F. MAHAUD: «Maintenir et même augmenter les effectifs, ne pas dégrader les conditions de travail et d'exercice professionnel, faciliter l'accès à l'ascenseur social, veiller à des plans de formation bien bâtis: tels sont les objectifs que nous nous sommes assignés en accompagnant les collègues dans ce grand bouleversement. Le centre hospitalier de Saintes est maintenant au centre d'un territoire de santé devenu très attractif, du fait qu'il bénéficiera demain de 241 emplois de plus (au lieu des 70 en moins!)»

Un autre exemple: «l'année dernière, la direction a demandé à chaque agent d'émettre 3 souhaits d'affectation par ordre de préférence. Lorsqu'une infirmière est affectée à son troisième choix,elle demande une formation interne d'adaptation à ce nouvel emploi.
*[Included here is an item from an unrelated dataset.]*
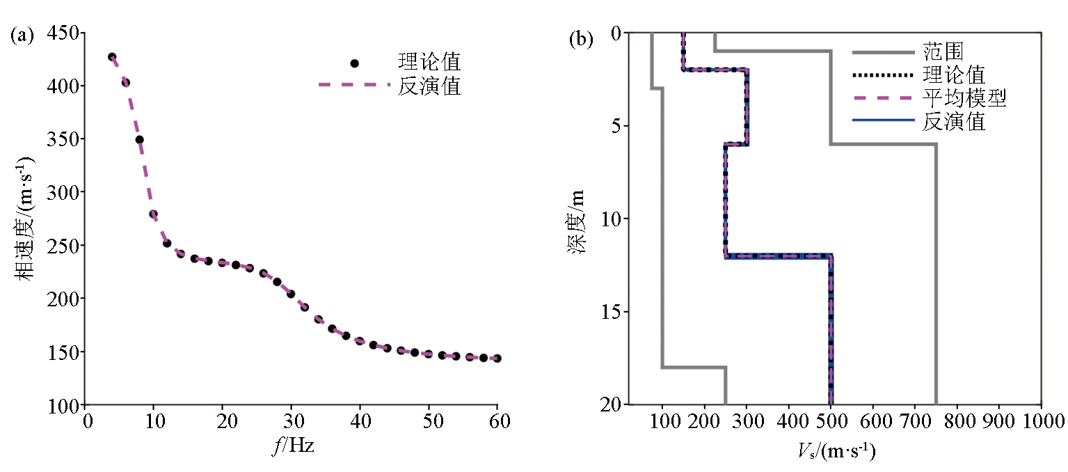 | 图8 无噪声条件下IBOA算法对模型3的反演结果 a—频散曲线拟合情况;b—反演模型速度剖面 |

La prise en compte de cette demande et du problème que pose au service l'absence de cette collègue en formation, nécessite que FO suive de près le plan de formation.» Ainsi FO-Saintes a-t-il avancé des propositions d'organisation du travail,parallèlement à celles de la direction. Il s'est assuré de plans de formation cohérents face aux nécessités et a formulé des propositions sur des modalités d'accès à des formations internes (temps), à des concours «internes», etc. Le déménagement est prévu pour septembre 2007. D'ici là FO-Saintes poursuivra son action avec détermination pour faire entendre la voix des personnels.

Certes, tout n'est pas réglé, mais une chose est sûre: sans le syndicat, l'hôpital neuf n'ouvrirait pas dans les mêmes conditions. 

La date du déménagement a été reportée 4 fois pour des problèmes techniques liés au chantier, entraînant des coûts financiers énormes: des matériels déjà achetés et inutilisés, des garanties en cours, voire dépassées, etc.